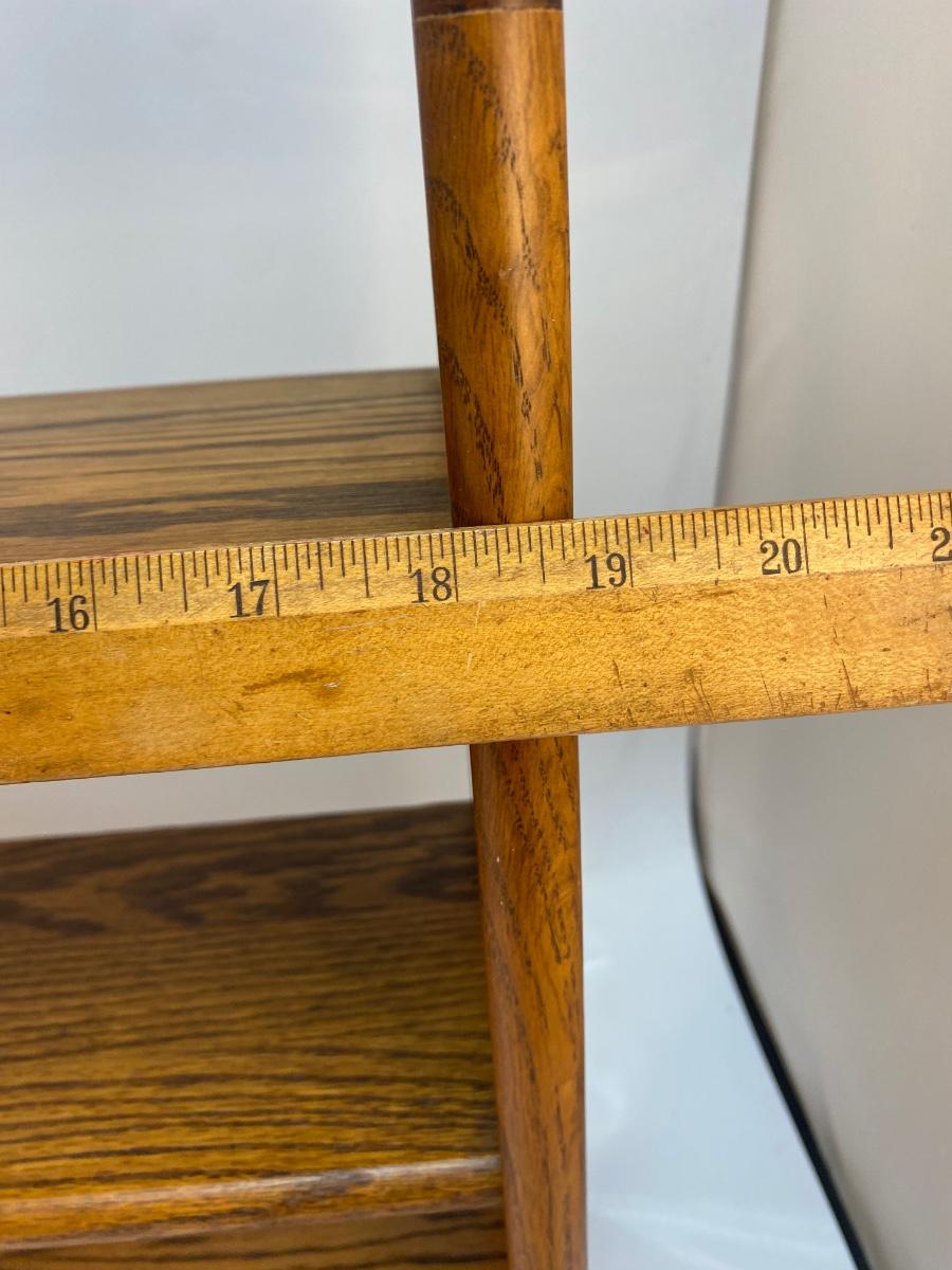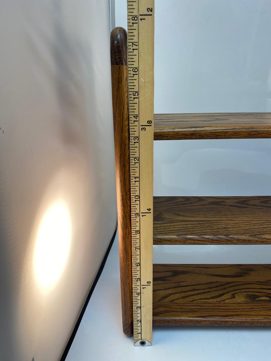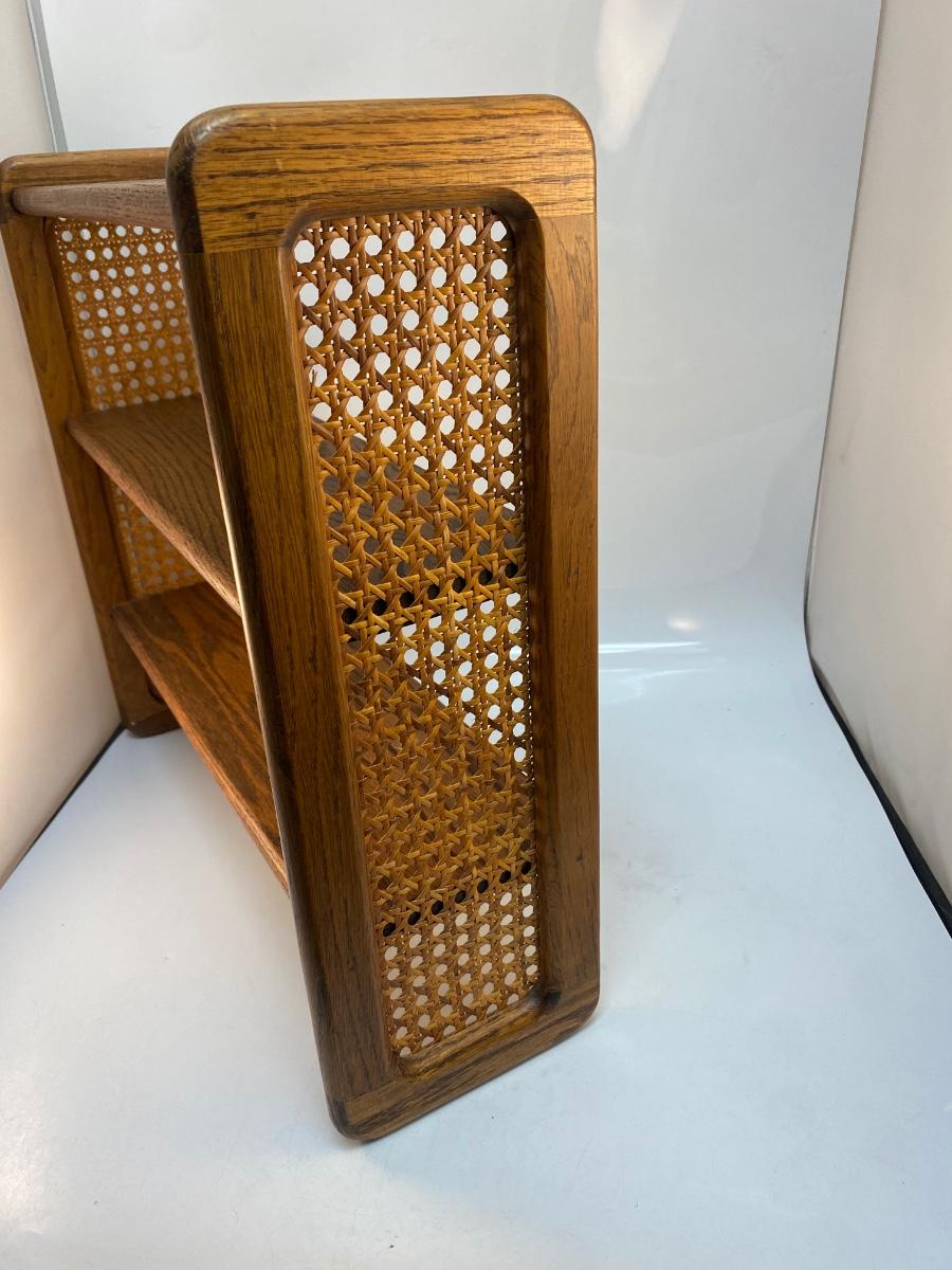 Retro Vintage Oak Hanging Display Shelf with Cane Rattan Sides. in good condition. Can sit on surface if desired but does have holes on back for hanging. About 18" tall and 19" wide.
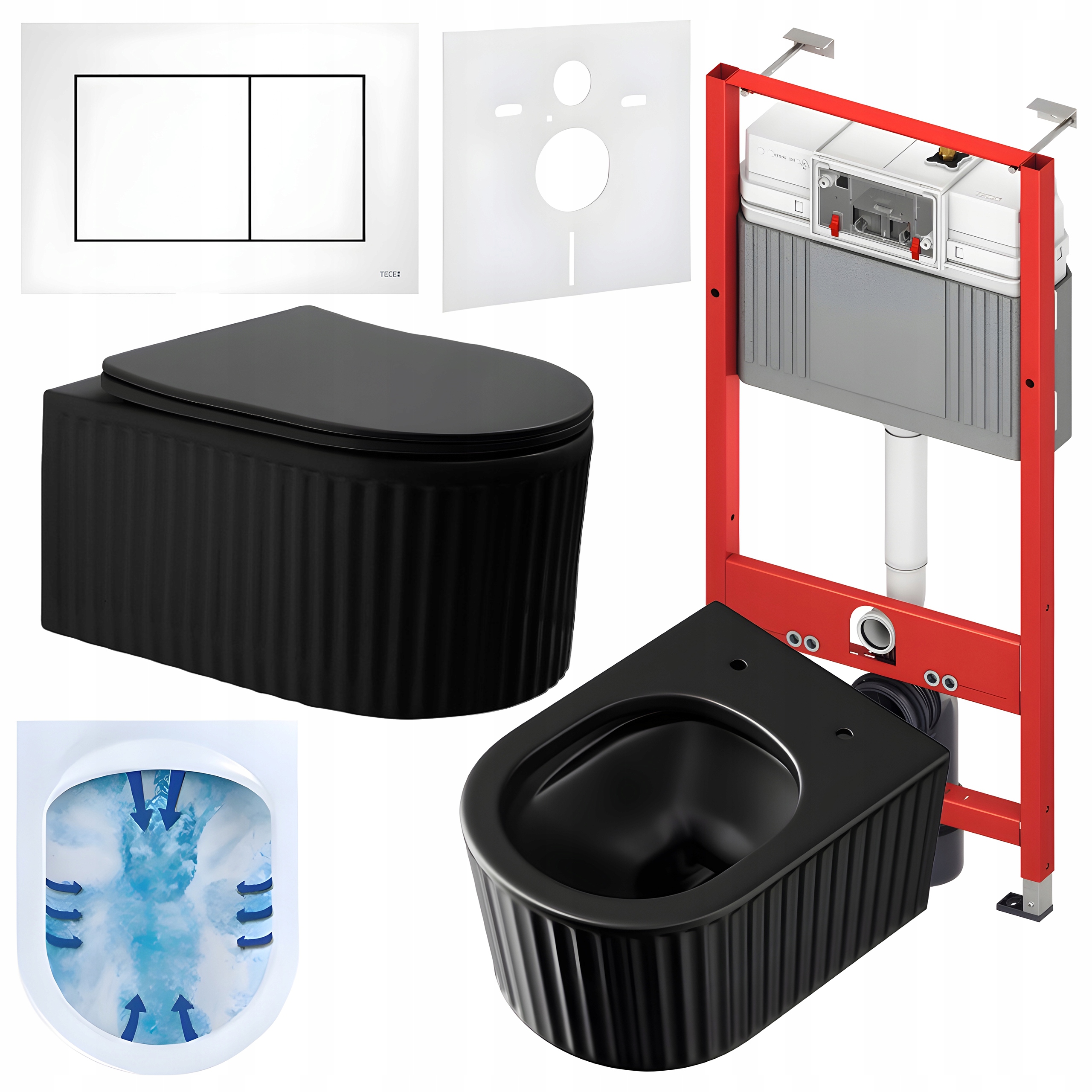 Набір прихованого унітазу TECE з підвісним унітазом Кнопка змиву LUMA-MTB-RIM-03 і TC-9240417 є ідеальним рішенням для людей, які шукають елегантну та функціональну систему ванної кімнати. Ця система характеризується сучасним дизайном, який ідеально вписується в мінімалістичний інтер'єр, забезпечуючи при цьому максимальну економію простору. Вбудована рама дозволяє сховати інсталяційні елементи в стіну, роблячи ванну більш просторою та естетичною. Унітаз LUMA-MTB-RIM-03, виготовлений з високоякісної сантехнічної кераміки, гарантує не тільки елегантний зовнішній вигляд, але й легкість очищення та гігієни, що робить його відмінним вибором для сучасних інтер'єрів.
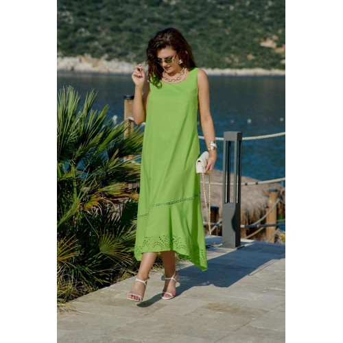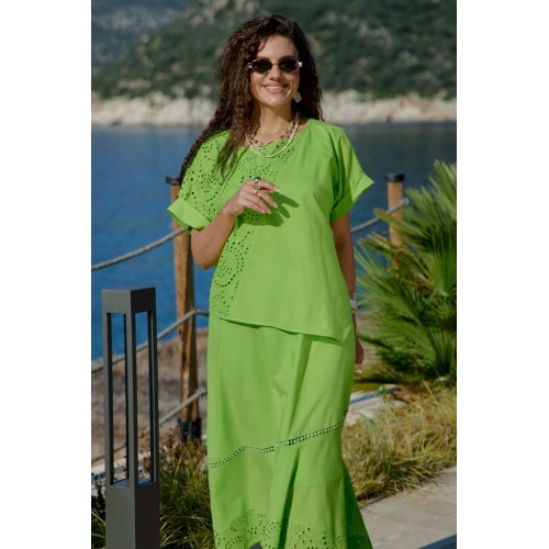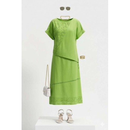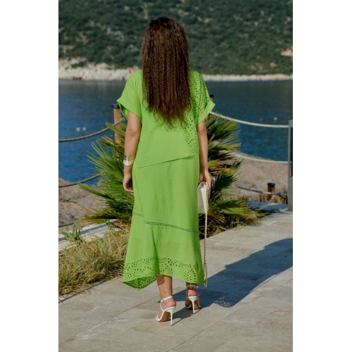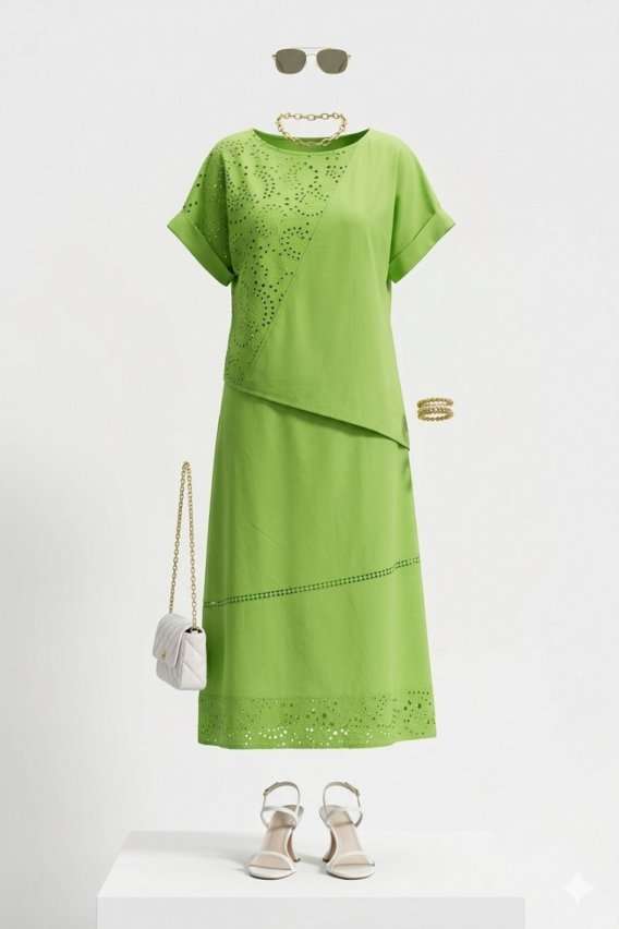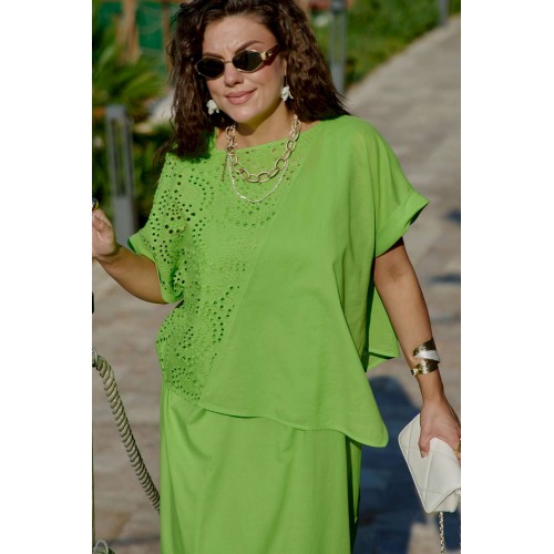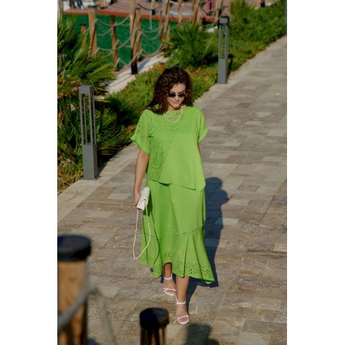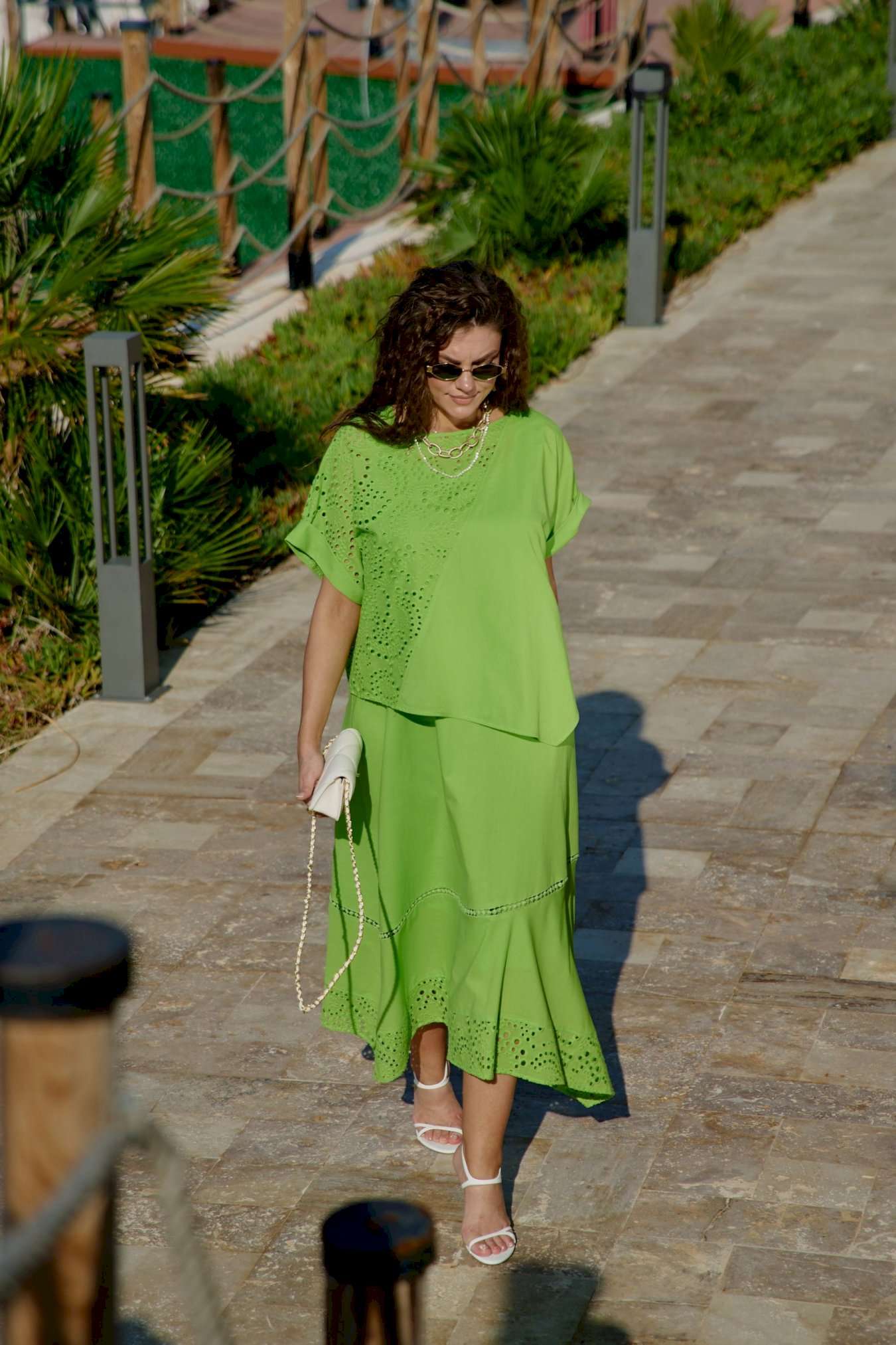 Комплект женский, двух предметный, состоящий из блузы и платья. Этот комплект — не просто одежда, а настоящее летнее настроение, застывшее в ткани. Он говорит о женщине, которая ценит красоту в деталях, смело экспериментирует с формами и цветами, и при этом сохраняет врожденное чувство стиля и гармонии. Комплект мастерски сочетает в себе: воздушность ажурного ришелье; сочность салатового цвета; динамику асимметричных линий, элегантность классического кроя. Блуза свободного силуэта, с округлой формой горловины. Рукав в блузе цельнокроеный с притачной фигурной манжетой по низу. По переду и спинке блузы диагональный подрез с декоративной вставкой из вышивки ришелье. Низ в блузе фигурной формы, создавая динамичный, летящий силуэт. Платье А-силуэта, длины «миди». Основная часть платья выполнена из однотонной ярко-салатовой ткани. Этот оттенок оживляет кожу, придает лицу свежесть, а глазам — особый блеск. Силуэт платья мягко облегает фигуру, не стесняя движений. Широкие бретели — стильный акцент, который одновременно практичен и элегантен. Они уверенно лежат на плечах, подчеркивая их линию, и переходят в глубокий вырез, открывающий ключицы. Горловина в платье округлой формы, по переду нагрудные вытачки. По низу платья притачной волан со вставкой «на просвет» декоративного кружева. Нижний ассиметричный волан из отделочной ткани — кружева. Асимметричный волан — главное украшение платья. При движении волан колышется, создавая иллюзию, будто платье живет своей собственной, таинственной жизнью. Платье на подкладке. Длина блузы по левой стороне 66 см (р 52-56), 68 см (р 58-62), по правой стороне 56 см (р 52-56), 58 см (р 58-62). Длина платья 126 см (р 52-56), 127 см (р 58-62).

++++++

▸ ABOUT THIS EXERCISE
Give the listing again exactly, excluding pictures.

▸ SOLUTION FOR THIS EXERCISE
 Retro Vintage Oak Hanging Display Shelf with Cane Rattan Sides. in good condition. Can sit on surface if desired but does have holes on back for hanging. About 18" tall and 19" wide.
 Набір прихованого унітазу TECE з підвісним унітазом Кнопка змиву LUMA-MTB-RIM-03 і TC-9240417 є ідеальним рішенням для людей, які шукають елегантну та функціональну систему ванної кімнати. Ця система характеризується сучасним дизайном, який ідеально вписується в мінімалістичний інтер'єр, забезпечуючи при цьому максимальну економію простору. Вбудована рама дозволяє сховати інсталяційні елементи в стіну, роблячи ванну більш просторою та естетичною. Унітаз LUMA-MTB-RIM-03, виготовлений з високоякісної сантехнічної кераміки, гарантує не тільки елегантний зовнішній вигляд, але й легкість очищення та гігієни, що робить його відмінним вибором для сучасних інтер'єрів.
 Комплект женский, двух предметный, состоящий из блузы и платья. Этот комплект — не просто одежда, а настоящее летнее настроение, застывшее в ткани. Он говорит о женщине, которая ценит красоту в деталях, смело экспериментирует с формами и цветами, и при этом сохраняет врожденное чувство стиля и гармонии. Комплект мастерски сочетает в себе: воздушность ажурного ришелье; сочность салатового цвета; динамику асимметричных линий, элегантность классического кроя. Блуза свободного силуэта, с округлой формой горловины. Рукав в блузе цельнокроеный с притачной фигурной манжетой по низу. По переду и спинке блузы диагональный подрез с декоративной вставкой из вышивки ришелье. Низ в блузе фигурной формы, создавая динамичный, летящий силуэт. Платье А-силуэта, длины «миди». Основная часть платья выполнена из однотонной ярко-салатовой ткани. Этот оттенок оживляет кожу, придает лицу свежесть, а глазам — особый блеск. Силуэт платья мягко облегает фигуру, не стесняя движений. Широкие бретели — стильный акцент, который одновременно практичен и элегантен. Они уверенно лежат на плечах, подчеркивая их линию, и переходят в глубокий вырез, открывающий ключицы. Горловина в платье округлой формы, по переду нагрудные вытачки. По низу платья притачной волан со вставкой «на просвет» декоративного кружева. Нижний ассиметричный волан из отделочной ткани — кружева. Асимметричный волан — главное украшение платья. При движении волан колышется, создавая иллюзию, будто платье живет своей собственной, таинственной жизнью. Платье на подкладке. Длина блузы по левой стороне 66 см (р 52-56), 68 см (р 58-62), по правой стороне 56 см (р 52-56), 58 см (р 58-62). Длина платья 126 см (р 52-56), 127 см (р 58-62).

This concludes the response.